E anche se le persone che vivono in culture collettiviste riportano meno intimità con i loro amici, sono anche più propense a pensare che dovrebbero rimanere uniti nei momenti difficili (Liu et al., 2019). Quando ho chiesto alle persone di immaginare un amico che consiglia loro di rompere con un nuovo fidanzato, gli americani tendevano a dire che avrebbero trovato amici più solidali. In Cina, le persone tendevano a pensare che questi amici fossero di supporto.
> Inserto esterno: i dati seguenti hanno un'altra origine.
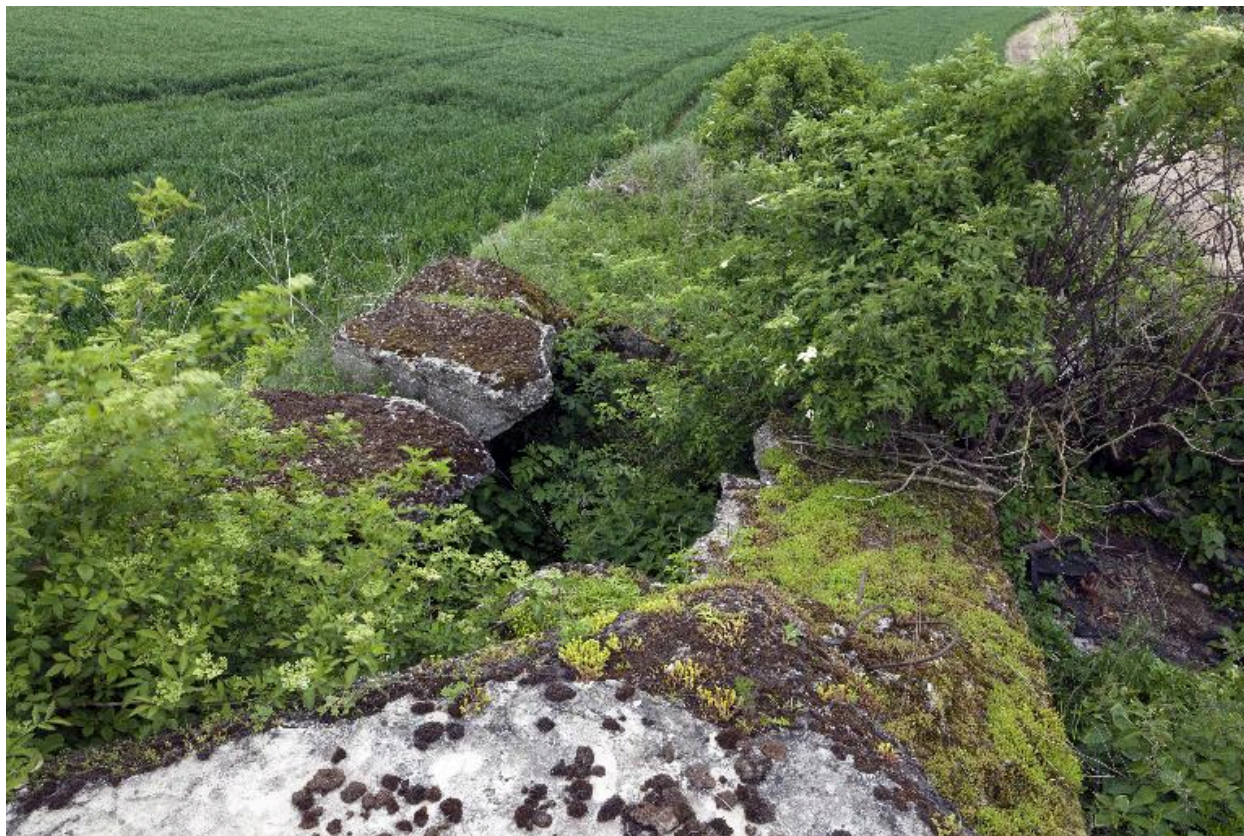
La soute à munition explosée

Il collettivismo spesso dà valore a cose diverse dal calore e dal sentirsi bene.

Il quadro emergente del collettivismo è più complicato e, credo, realistico. Se questa visione è corretta, suggerisce che la risposta al segreto aperto della psicologia culturale sta più nel fare le domande giuste che nel buttare fuori gli auto-rapporti.

Figura 1

Il grafico mostra che nelle aree della Cina dove la coltivazione del riso è diffusa – e il coordinamento e il networking più necessari – le persone sono più sospettose dei loro pari rispetto alle aree dove la coltivazione del riso è meno estesa. Questo riflette la sfiducia che i cinesi possono nutrire gli uni verso gli altri nonostante le loro tendenze collettiviste.

Figura 2

Ricerche recenti mostrano che più una cultura tende ad essere collettivista, più la gente sente il dovere di prendersi cura dei propri genitori anziani.
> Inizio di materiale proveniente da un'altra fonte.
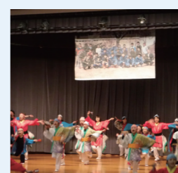
館岩地域文化祭（ステージイベント）

Adams, G. (2005). Il fondamento culturale della relazione personale: L’inimicizia nel mondo nordamericano e in quello africano occidentale. Journal of Personality and Social Psychology, 88, 948-968. https://doi.org/10.1037/0022-3514.88.6.948

Heine, S. J., Lehman, D. R., Peng, K., & Greenholtz, J. (2002). Cosa c’è di sbagliato nei confronti interculturali delle scale Likert soggettive? L’effetto gruppo di riferimento. Journal of Personality and Social Psychology, 82, 903-918.
https://doi.org/10.1037/0022-3514.82.6.903

Kyei, K. G., & Schreckenbach, H. (1975). Non è tempo di morire. Accra, Ghana: Catholic Press.
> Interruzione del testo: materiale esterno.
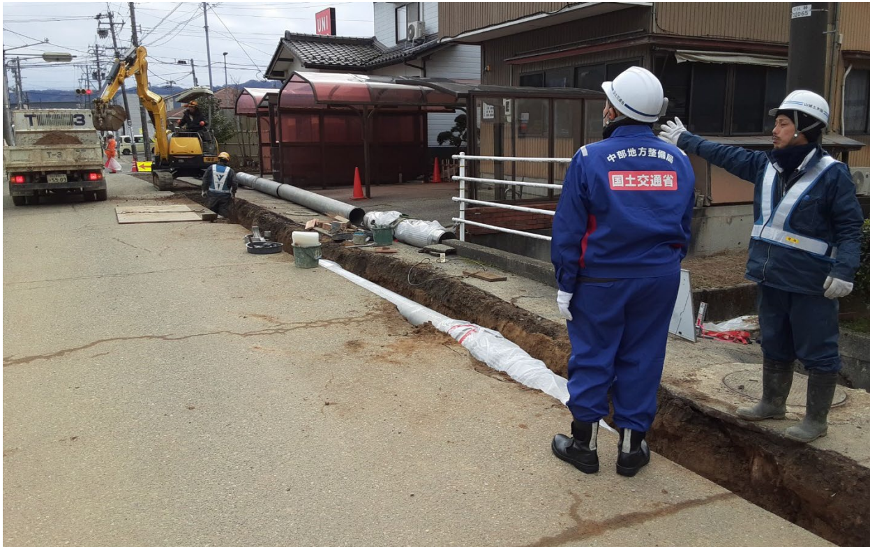
七尾市内の復旧工事確認【水道支援班】

本日（2月2日）の現地のTEC-FORCE（緊急災害対策派遣隊）の主な活動は以下のとおりです。

Liu, S., Morris, M. W., Talhelm, T., & Yang, Q. (2019). Vigilanza del gruppo nella cultura collettivista. Proceedings of the National Academy of Sciences, USA, 116, 14538-14546.
https://doi.org/10.1073/pnas.1817588116

Oyserman, D., Coon, H. M., & Kemmelmeier, M. (2002). Ripensare l’individualismo e il collettivismo: Valutazione dei presupposti teorici e delle meta-analisi. Psychological Bulletin, 128, 3-72.
https://doi.org/10.1037/0033-2909.128.1.3

Peng, K., Nisbett, R. E., & Wong, N. Y. (1997). Problemi di validità nel confronto dei valori tra le culture e possibili soluzioni. Psychological Methods, 2, 329-344.
https://doi.org/10.1037/1082-989X.2.4.329

Schimmack, U., Oishi, S., & Diener, E. (2005). Individualismo: Una dimensione valida e importante delle differenze culturali tra le nazioni. Rivista di psicologia sociale e della personalità, 9, 17-31. https://doi.org/10.1207/s15327957pspr0901_2

Singelis, T. M. (1994). La misurazione di autocostruzioni indipendenti e interdipendenti. Personality and Social Psychology Bulletin, 20, 580-591.
https://doi.org/10.1177/0146167294205014

Talhelm, T., & Oishi, S. (2018). Come la coltivazione del riso ha modellato la cultura nella Cina meridionale. In A. K. Uskul & S. Oishi (Eds.), Socioeconomic environment and human psychology (pp. 53-76). New York, NY: Oxford University Press. Retrieved from https://ssrn.com/abstract=3199657

Talhelm, T., Zhang, X., Oishi, S., Chen, S., Duan, D., Lan, X., & Kitayama, S. (2014). Differenze psicologiche su larga scala all’interno della Cina spiegato da riso contro l’agricoltura di grano. Science, 344, 603-608.
https://doi.org/10.1126/science.1246850

Transparency International. (n.d.). Cina. Retrieved from
https://www.transparency.org/country/CHN

Wang, Y. (2017). Per chi suona la campana: L’eredità politica della rivoluzione culturale cinese. Retrieved from
https://scholar.harvard.edu/files/yuhuawang/files/cultural_revolution_0.pdf

Yoshida, T. (1984). Possesso di spiriti e conflitto nei villaggi. In E. Krauss, T. Rohlen, & P. Steinhoff (Eds.), Conflict in Japan (pp. 85-104). Honolulu: Università delle Hawaii.